* Exercise description: In the copy, keep every line below as it is and leave out the pictures.

* Data section:

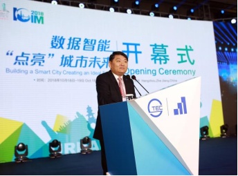 2018年10月,周文波在“数据智能点亮城市未来”开幕式上致辞
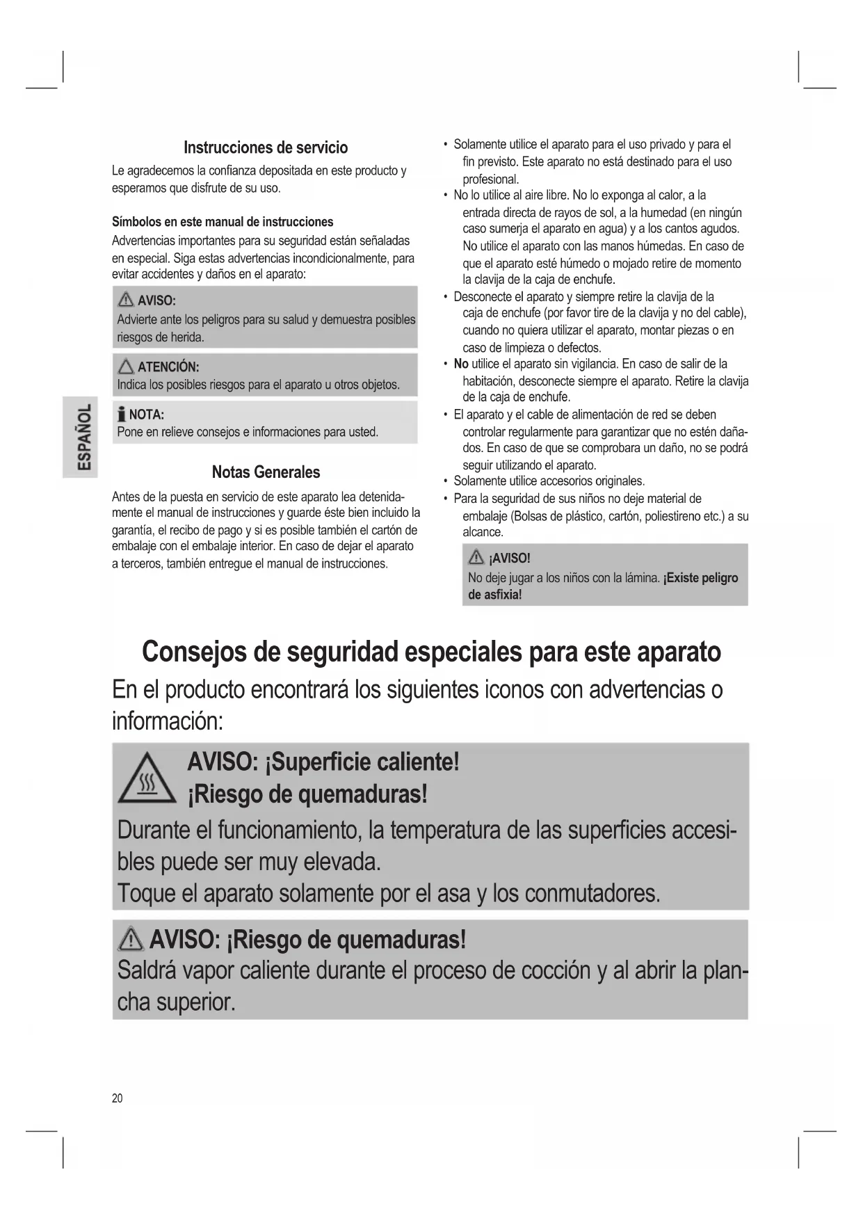 - Para la seguridad de sus niños no deje material de embalaje (Bolsas de plástico, cartón, poliestireno etc.) a su alcance. ¡AVISO! No deje jugar a los niños con la lámina. ¡Existe peligro de asxia! Instrucciones de servicio Le agradecemos la conanza depositada en este producto y esperamos que disfrute de su uso. Símbolos en este manual de instrucciones Advertencias importantes para su seguridad están señaladas en especial. Siga estas advertencias incondicionalmente, para evitar accidentes y daños en el aparato: AVISO: Advierte ante los peligros para su salud y demuestra posibles riesgos de herida. ATENCIÓN: Indica los posibles riesgos para el aparato u otros objetos. NOTA: Pone en relieve consejos e informaciones para usted. Notas Generales Antes de la puesta en servicio de este aparato lea detenida- mente el manual de instrucciones y guarde éste bien incluido la garantía, el recibo de pago y si es posible también el cartón de embalaje con el embalaje interior. En caso de dejar el aparato a terceros, también entregue el manual de instrucciones. Consejos de seguridad especiales para este aparato En el producto encontrará los siguientes iconos con advertencias o información: AVISO: ¡Supercie caliente! ¡Riesgo de quemaduras! Durante el funcionamiento, la temperatura de las supercies accesi- bles puede ser muy elevada. Toque el aparato solamente por el asa y los conmutadores. AVISO: ¡Riesgo de quemaduras! Saldrá vapor caliente durante el proceso de cocción y al abrir la plan- cha superior.21 ATENCIÓN: Peligro de incendio. El aceite y la grasa se pueden quemar si se calientan en exceso. Mantenga una distancia de seguridad suciente (30 cm) con respec- to a objetos inamables, tales como cortinas, mobiliario, etc. ATENCIÓN: El aparato no debe sumergirse en agua para limpiarlo. Por favor, consulte las instrucciones contenidas en el capítulo “Lim- pieza”.
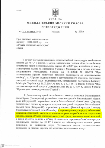 Ранее сообщалось о том, что заместитель главы Николаевской облгосадминистрации Вячеслав Бонь и Николаевский городской голова Александр Сенкевич в ходе селекторного совещания при участии премьер-министра Украины Владимира Гройсмана заявили, что в области потребители и производители тепла на 100% готовы к отопительному сезону.
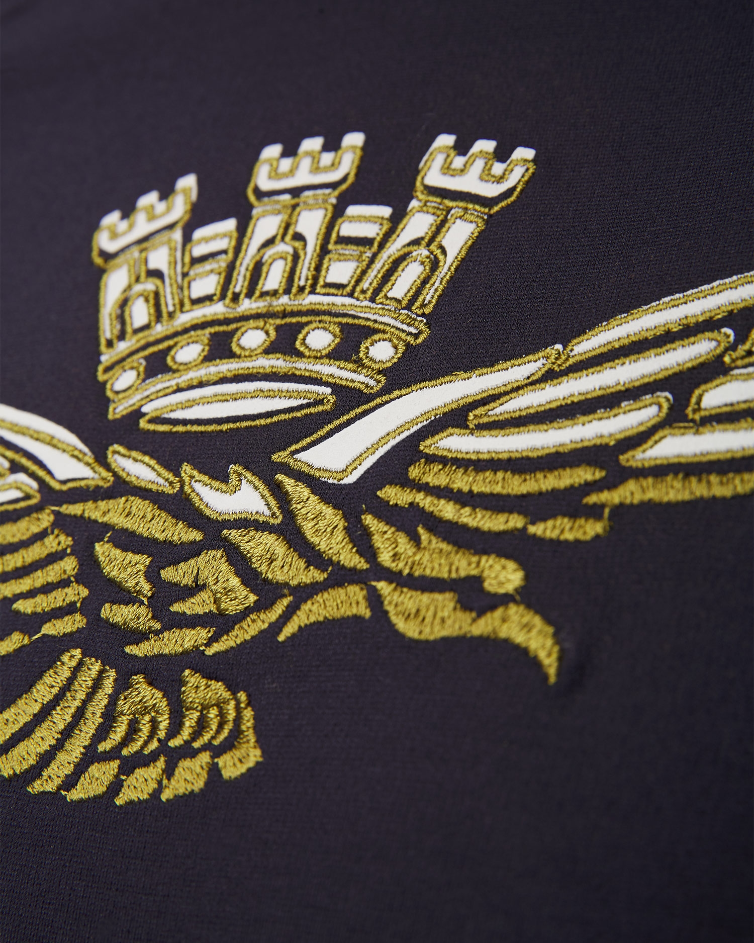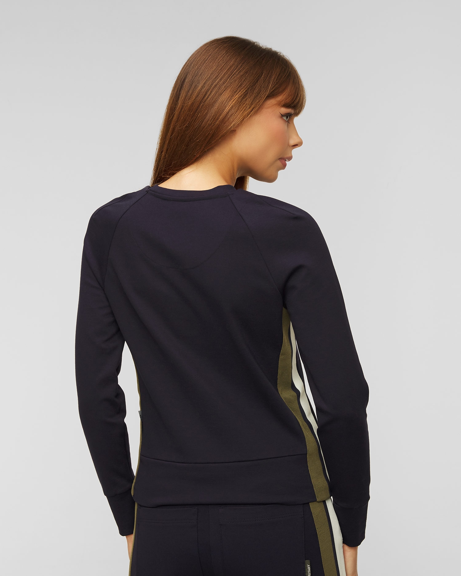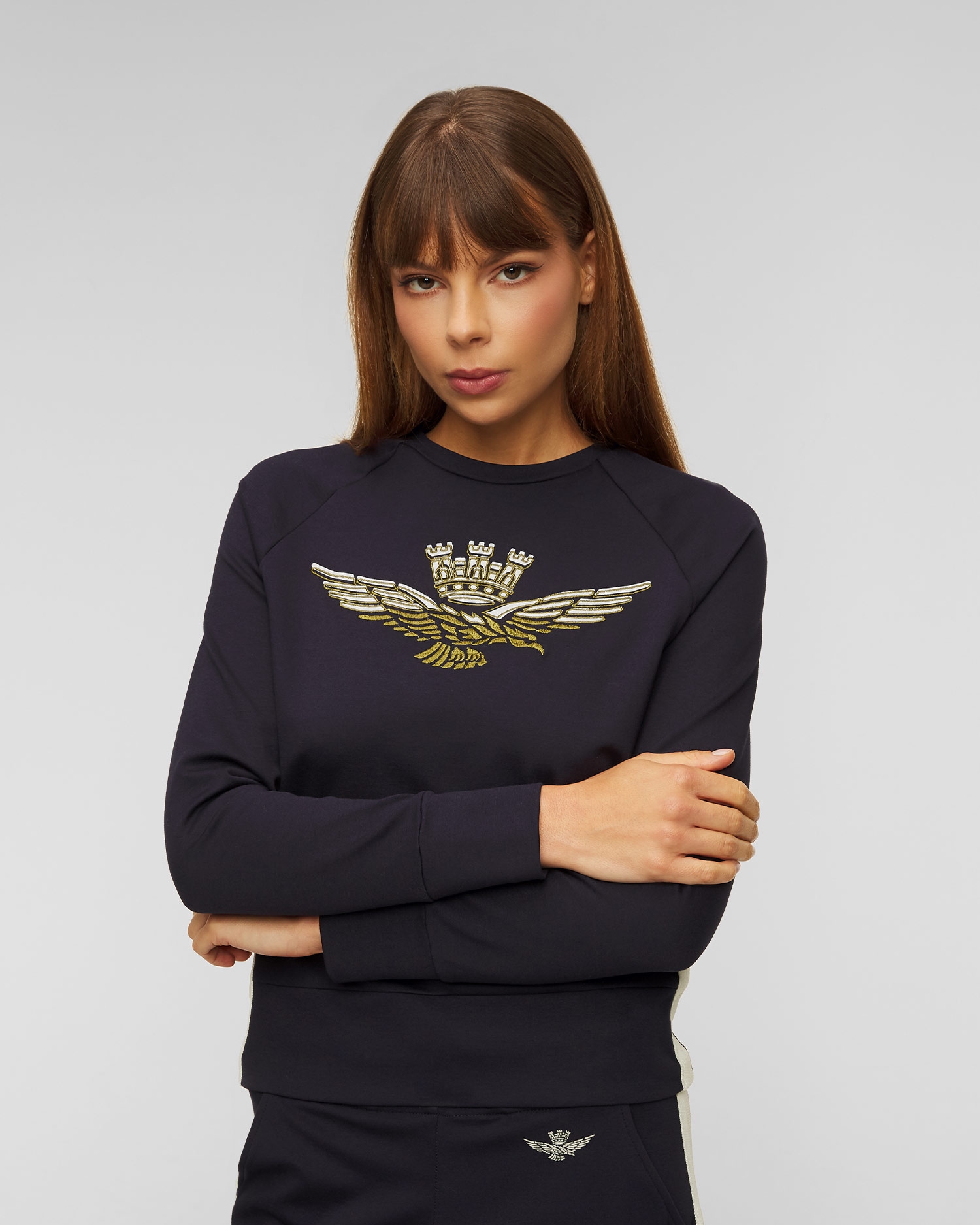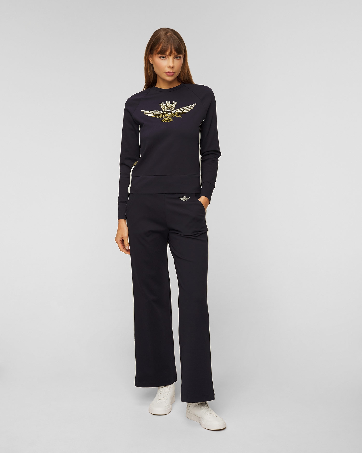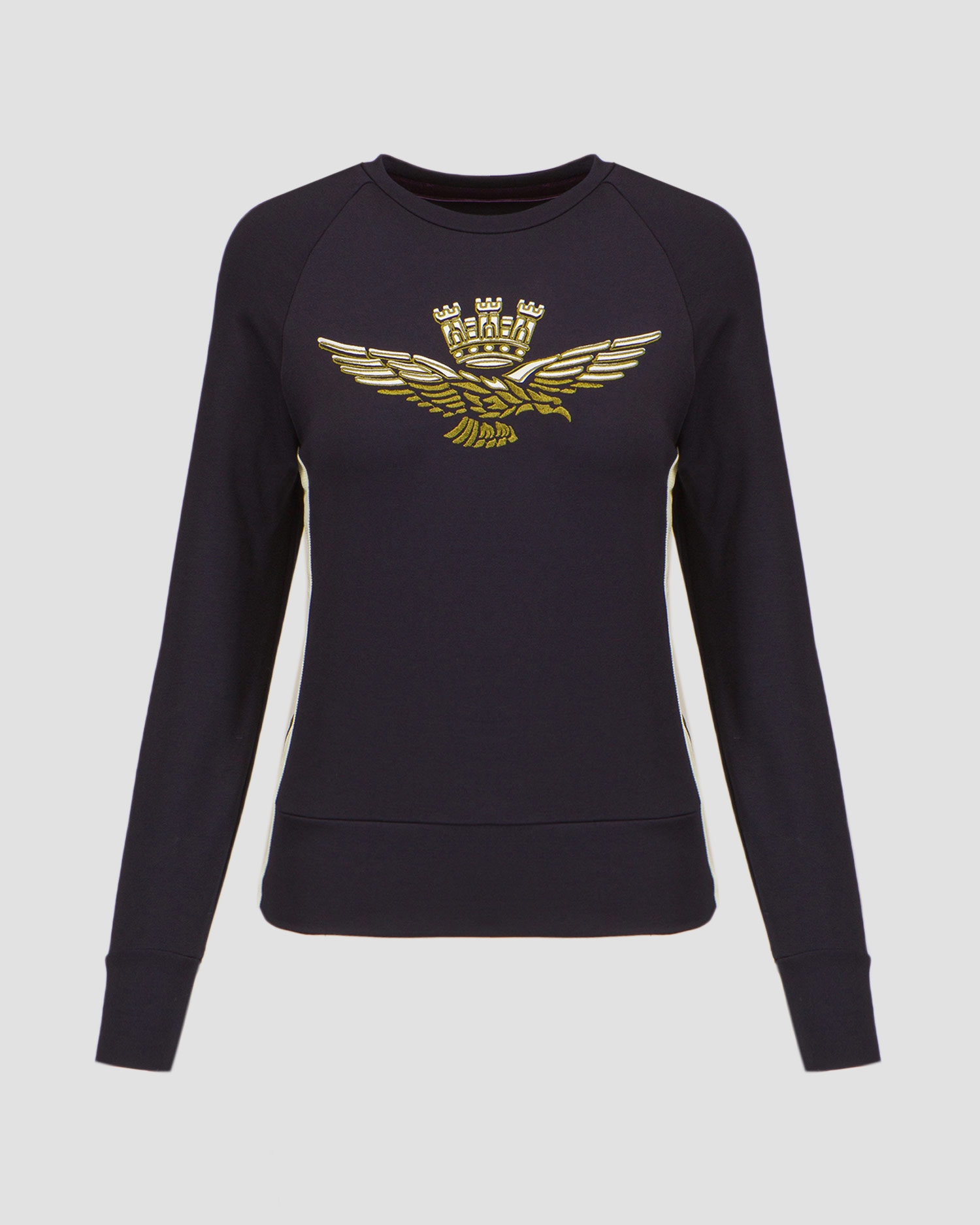 The Aeronautica Militare women's sweatshirt will be perfect as part of a casual outfit. It's made from a stretchy viscose fabric that will keep you comfortable during your favourite activities, thanks to its natural breathability and moisture-absorbing properties. The close-fitting cut and ribbed trims at the hem and cuffs ensure a perfect fit while providing comfort and complete freedom of movement. Blouse with round neckline. Decorated with an embroidered appliqué in the shape of the brand's logo on the front and contrasting inserts on the sides, which emphasise its sporty character.

* Result of this task:
 2018年10月,周文波在“数据智能点亮城市未来”开幕式上致辞
 - Para la seguridad de sus niños no deje material de embalaje (Bolsas de plástico, cartón, poliestireno etc.) a su alcance. ¡AVISO! No deje jugar a los niños con la lámina. ¡Existe peligro de asxia! Instrucciones de servicio Le agradecemos la conanza depositada en este producto y esperamos que disfrute de su uso. Símbolos en este manual de instrucciones Advertencias importantes para su seguridad están señaladas en especial. Siga estas advertencias incondicionalmente, para evitar accidentes y daños en el aparato: AVISO: Advierte ante los peligros para su salud y demuestra posibles riesgos de herida. ATENCIÓN: Indica los posibles riesgos para el aparato u otros objetos. NOTA: Pone en relieve consejos e informaciones para usted. Notas Generales Antes de la puesta en servicio de este aparato lea detenida- mente el manual de instrucciones y guarde éste bien incluido la garantía, el recibo de pago y si es posible también el cartón de embalaje con el embalaje interior. En caso de dejar el aparato a terceros, también entregue el manual de instrucciones. Consejos de seguridad especiales para este aparato En el producto encontrará los siguientes iconos con advertencias o información: AVISO: ¡Supercie caliente! ¡Riesgo de quemaduras! Durante el funcionamiento, la temperatura de las supercies accesi- bles puede ser muy elevada. Toque el aparato solamente por el asa y los conmutadores. AVISO: ¡Riesgo de quemaduras! Saldrá vapor caliente durante el proceso de cocción y al abrir la plan- cha superior.21 ATENCIÓN: Peligro de incendio. El aceite y la grasa se pueden quemar si se calientan en exceso. Mantenga una distancia de seguridad suciente (30 cm) con respec- to a objetos inamables, tales como cortinas, mobiliario, etc. ATENCIÓN: El aparato no debe sumergirse en agua para limpiarlo. Por favor, consulte las instrucciones contenidas en el capítulo “Lim- pieza”.
 Ранее сообщалось о том, что заместитель главы Николаевской облгосадминистрации Вячеслав Бонь и Николаевский городской голова Александр Сенкевич в ходе селекторного совещания при участии премьер-министра Украины Владимира Гройсмана заявили, что в области потребители и производители тепла на 100% готовы к отопительному сезону.
 The Aeronautica Militare women's sweatshirt will be perfect as part of a casual outfit. It's made from a stretchy viscose fabric that will keep you comfortable during your favourite activities, thanks to its natural breathability and moisture-absorbing properties. The close-fitting cut and ribbed trims at the hem and cuffs ensure a perfect fit while providing comfort and complete freedom of movement. Blouse with round neckline. Decorated with an embroidered appliqué in the shape of the brand's logo on the front and contrasting inserts on the sides, which emphasise its sporty character.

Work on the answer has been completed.